In Japan and many regions of the world, studies have only focused on the spatiotemporal distribution, trend, forecast, or influencing factors of PM2.5 and NO212,13. However, rarely studies have combined these to generate a more holistic understanding that can help identify health risk areas, influencing factors, pollution trends, and the efficacy (or lack thereof) of policy interventions11. For instance, in Nagasaki Prefecture, most of the studies have only focused on either the health impact caused by air pollutants14,15,16, the long-range transport of air pollutants from the Asian continent17,18,19, or the effects of climatic variables and the spatial and temporal distribution of PM2.520. Although these studies provide essential information, a multi-method approach is necessary to understand better the distribution, factors, and current and future trends of PM2.5 and NO2 pollution in Nagasaki Prefecture.

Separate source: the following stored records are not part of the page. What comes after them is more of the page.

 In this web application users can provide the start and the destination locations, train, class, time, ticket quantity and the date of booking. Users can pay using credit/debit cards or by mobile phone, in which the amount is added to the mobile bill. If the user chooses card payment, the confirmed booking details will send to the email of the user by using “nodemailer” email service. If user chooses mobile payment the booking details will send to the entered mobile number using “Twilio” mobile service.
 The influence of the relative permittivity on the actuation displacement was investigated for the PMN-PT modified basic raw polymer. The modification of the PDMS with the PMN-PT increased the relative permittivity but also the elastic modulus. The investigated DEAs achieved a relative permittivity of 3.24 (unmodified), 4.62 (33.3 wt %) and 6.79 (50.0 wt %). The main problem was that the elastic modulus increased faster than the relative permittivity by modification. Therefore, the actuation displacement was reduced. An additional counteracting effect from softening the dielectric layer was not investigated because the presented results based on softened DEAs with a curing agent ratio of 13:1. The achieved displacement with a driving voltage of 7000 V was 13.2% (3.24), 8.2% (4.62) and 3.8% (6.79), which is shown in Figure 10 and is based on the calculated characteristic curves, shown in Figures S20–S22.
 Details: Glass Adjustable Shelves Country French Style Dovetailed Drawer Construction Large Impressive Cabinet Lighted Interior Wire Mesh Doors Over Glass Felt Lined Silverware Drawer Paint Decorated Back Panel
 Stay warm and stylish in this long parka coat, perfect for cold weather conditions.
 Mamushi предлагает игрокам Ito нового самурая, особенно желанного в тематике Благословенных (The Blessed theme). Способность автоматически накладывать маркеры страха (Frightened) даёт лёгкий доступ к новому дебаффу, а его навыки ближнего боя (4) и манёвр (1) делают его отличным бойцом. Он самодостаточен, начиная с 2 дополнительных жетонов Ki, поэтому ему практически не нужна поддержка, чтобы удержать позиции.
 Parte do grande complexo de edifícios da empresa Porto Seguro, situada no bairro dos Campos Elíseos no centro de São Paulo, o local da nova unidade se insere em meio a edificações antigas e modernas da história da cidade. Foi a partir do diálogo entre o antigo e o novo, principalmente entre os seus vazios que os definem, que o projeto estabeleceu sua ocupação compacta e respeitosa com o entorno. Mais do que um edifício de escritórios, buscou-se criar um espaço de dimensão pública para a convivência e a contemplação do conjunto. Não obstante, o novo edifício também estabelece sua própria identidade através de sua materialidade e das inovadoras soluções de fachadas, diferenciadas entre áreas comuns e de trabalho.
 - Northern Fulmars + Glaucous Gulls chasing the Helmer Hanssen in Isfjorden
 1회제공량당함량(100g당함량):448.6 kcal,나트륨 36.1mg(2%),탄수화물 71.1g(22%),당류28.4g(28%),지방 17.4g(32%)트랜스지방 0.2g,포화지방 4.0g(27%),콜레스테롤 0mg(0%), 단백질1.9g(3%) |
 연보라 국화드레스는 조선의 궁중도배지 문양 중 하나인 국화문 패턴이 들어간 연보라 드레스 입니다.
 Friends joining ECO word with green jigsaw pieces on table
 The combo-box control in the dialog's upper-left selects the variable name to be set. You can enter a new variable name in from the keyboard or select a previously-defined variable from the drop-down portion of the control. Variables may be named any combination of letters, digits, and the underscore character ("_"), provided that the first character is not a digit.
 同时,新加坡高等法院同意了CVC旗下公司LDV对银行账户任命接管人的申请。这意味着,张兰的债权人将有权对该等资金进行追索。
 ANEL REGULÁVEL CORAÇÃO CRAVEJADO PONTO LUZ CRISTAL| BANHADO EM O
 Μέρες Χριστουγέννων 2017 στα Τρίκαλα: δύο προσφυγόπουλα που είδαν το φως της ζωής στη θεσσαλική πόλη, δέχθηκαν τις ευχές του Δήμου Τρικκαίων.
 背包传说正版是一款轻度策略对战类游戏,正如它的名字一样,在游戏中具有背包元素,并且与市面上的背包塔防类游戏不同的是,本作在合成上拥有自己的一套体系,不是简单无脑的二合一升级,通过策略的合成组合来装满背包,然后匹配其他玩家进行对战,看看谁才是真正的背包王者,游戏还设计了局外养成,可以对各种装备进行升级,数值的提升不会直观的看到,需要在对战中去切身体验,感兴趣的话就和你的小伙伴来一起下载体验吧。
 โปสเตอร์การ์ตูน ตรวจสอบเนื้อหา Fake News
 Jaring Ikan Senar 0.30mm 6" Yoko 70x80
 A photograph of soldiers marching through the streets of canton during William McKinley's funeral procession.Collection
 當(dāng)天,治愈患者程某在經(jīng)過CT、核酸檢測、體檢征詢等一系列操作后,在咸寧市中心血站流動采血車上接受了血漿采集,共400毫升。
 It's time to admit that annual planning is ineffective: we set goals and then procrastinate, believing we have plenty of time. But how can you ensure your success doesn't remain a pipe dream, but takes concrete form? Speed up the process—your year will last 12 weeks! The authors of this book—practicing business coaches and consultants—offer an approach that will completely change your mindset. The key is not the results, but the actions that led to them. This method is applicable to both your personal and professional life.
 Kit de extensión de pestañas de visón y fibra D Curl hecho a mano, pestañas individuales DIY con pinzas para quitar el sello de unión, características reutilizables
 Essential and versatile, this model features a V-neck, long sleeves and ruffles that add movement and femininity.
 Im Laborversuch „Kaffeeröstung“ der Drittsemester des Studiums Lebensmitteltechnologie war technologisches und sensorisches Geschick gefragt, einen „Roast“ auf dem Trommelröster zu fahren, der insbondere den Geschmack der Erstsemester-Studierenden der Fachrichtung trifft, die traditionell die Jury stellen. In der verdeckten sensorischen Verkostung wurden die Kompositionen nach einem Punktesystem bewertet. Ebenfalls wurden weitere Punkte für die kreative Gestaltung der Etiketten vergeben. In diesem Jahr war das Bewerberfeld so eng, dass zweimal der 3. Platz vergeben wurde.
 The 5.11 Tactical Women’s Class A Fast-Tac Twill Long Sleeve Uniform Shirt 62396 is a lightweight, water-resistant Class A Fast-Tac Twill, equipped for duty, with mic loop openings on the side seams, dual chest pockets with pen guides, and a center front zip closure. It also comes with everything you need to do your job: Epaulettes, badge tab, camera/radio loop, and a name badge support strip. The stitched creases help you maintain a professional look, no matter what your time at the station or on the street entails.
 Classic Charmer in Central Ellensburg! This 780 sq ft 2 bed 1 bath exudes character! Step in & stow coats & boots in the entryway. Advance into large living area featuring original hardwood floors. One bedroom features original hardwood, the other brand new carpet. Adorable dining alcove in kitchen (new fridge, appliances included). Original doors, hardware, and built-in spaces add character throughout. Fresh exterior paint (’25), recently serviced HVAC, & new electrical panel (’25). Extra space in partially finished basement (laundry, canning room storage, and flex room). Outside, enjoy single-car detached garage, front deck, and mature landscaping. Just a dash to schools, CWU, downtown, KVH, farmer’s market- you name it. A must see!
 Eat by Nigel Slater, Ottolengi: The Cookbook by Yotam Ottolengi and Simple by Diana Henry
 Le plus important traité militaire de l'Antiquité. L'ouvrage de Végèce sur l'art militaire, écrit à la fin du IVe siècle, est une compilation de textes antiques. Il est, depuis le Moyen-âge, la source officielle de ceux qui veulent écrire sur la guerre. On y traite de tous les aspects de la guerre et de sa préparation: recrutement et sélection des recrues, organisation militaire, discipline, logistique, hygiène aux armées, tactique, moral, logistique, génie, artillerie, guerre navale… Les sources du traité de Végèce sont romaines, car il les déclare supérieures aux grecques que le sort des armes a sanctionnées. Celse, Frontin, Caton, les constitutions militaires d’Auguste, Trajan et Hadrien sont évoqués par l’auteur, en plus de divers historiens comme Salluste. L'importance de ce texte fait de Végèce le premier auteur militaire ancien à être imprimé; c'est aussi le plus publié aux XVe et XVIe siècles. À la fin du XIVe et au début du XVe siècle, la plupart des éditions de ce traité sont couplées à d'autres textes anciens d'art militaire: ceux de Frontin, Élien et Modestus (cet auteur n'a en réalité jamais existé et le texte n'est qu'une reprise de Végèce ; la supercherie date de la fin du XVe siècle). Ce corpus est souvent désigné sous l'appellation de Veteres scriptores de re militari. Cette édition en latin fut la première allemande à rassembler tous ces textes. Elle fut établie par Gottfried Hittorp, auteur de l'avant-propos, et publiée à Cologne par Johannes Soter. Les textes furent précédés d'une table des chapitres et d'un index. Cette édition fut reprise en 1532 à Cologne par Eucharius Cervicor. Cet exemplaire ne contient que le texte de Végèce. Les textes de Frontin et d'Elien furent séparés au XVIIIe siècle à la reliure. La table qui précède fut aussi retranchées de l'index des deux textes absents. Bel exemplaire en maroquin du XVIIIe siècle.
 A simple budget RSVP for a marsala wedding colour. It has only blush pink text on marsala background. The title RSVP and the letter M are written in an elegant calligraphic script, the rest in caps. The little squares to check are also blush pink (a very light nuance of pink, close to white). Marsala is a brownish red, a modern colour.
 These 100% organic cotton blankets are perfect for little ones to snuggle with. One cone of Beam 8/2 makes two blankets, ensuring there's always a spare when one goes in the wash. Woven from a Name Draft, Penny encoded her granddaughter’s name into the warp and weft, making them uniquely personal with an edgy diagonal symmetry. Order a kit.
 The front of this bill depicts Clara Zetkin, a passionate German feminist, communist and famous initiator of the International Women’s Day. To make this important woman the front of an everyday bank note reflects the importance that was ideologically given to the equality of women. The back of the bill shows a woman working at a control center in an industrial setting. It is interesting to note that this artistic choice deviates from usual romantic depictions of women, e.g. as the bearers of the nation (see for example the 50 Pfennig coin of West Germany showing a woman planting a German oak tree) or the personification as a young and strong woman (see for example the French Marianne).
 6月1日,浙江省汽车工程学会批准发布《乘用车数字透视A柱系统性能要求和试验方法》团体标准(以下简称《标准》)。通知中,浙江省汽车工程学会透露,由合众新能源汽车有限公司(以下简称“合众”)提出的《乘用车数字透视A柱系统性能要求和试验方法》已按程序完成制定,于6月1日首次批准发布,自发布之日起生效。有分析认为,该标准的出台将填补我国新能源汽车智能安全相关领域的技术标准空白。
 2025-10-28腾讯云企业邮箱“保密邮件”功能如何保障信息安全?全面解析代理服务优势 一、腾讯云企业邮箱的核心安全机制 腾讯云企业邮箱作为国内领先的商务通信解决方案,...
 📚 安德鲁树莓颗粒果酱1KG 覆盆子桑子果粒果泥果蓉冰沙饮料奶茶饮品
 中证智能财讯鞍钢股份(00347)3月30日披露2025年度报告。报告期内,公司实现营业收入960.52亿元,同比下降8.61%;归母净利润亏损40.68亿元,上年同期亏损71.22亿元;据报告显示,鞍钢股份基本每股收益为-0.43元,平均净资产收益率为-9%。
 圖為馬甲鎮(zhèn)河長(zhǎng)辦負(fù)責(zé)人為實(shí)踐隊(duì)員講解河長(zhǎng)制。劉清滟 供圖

This study used a multi-method approach to analyze PM2.5 and NO2 data in Nagasaki Prefecture from 2013 to 2021. This study aims (1) to estimate PM2.5 and NO2 pollution variability in unmeasured areas using ordinary kriging, (2) to identify and analyze the correlation of the major climatic and temporal factors that influence PM2.5 and NO2 pollution in Nagasaki Prefecture via Pearson's correlation and random forest feature selection and (3) to conduct a trend and forecast analysis of PM2.5 and NO2 based on fitting loess, automated auto-regressive integrated moving average (ARIMA) and error trend and seasonal models (ETS). Using a multi-method approach, we provide a broader analysis and understanding of the spatiotemporal distribution, forecast, trend, and influencing factors of pollutants which is crucial for the improvement, development, and assessment of mitigation strategies and for identifying health risk areas. Furthermore, this proposed multi-method approach can be used in other regions where studies have only focused on one of the aspects of air pollution and where a holistic understanding of air pollution is lacking.

Policy background

As a result of the rapid economic development of the Northeast Asian sub-region and the resulting environmental problems, China, Japan and Korea have held a Tripartite Environment Ministers Meeting (TEMM) annually since 199921. This meeting aims to strengthen environmental cooperation among these countries and address environmental problems at the domestic, regional, and global levels. At the 15th Tripartite Environment Ministers Meeting in 2013, the Tripartite Policy Dialogue on Air Pollution (TPDAP) was established and started in 201421. The objective of the establishment of the TPDAP was to coordinate efforts among the three countries to address the air pollution problem by developing cooperation initiatives and sharing information about air pollution policy implementation and impacts. The 3rd TPDAP in 2016 established two working groups to share air pollution information (Fig. 1).

Figure 1
figure 1

Tripartite Policy Dialogue on Air Pollution working groups one and two.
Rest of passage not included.